Alvarez is charged with 11 counts of murder with special circumstances and one count each of felony murder, train-wrecking and arson for his role in the Jan. 26, 2005, Metrolink crash that left 11 dead and 184 others injured.

“Juan is not a murderer,” his attorney Thomas Kielty said. “It’s about as clear a case as I’ve ever seen. There was no intent to kill, and there was no intent to commit train wrecking or arson.

“The only intent Mr. Alvarez had before he changed his mind was to kill himself.”

Scores of family members whose relatives were killed in the 2005 derailment sat in court Thursday.
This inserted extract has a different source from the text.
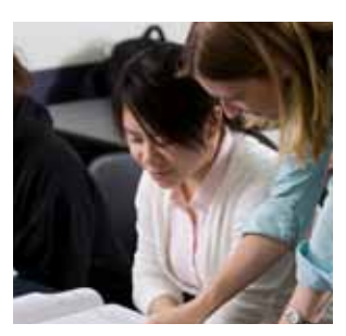
Kaplan teacher with students

“What happened here was an absolute tragedy,” said Kielty, facing the families before turning to the nine-woman, three-man jury. “But those heavy, emotionally laden feelings .?.?. have nothing to do with your jobs. Your job is to see if the government has proven these charges beyond all reasonable doubt — 100%. That’s a very high standard.”

Earlier in the day, prosecutors told jurors Alvarez had confessed to second-degree murder before the nearly eight-week trial began.

During an interview in jail with mental health expert Mace Beckson, Alvarez said he knew he was doomed when his Jeep Cherokee would not budge from the train tracks, Dist. Atty. John Monaghan said.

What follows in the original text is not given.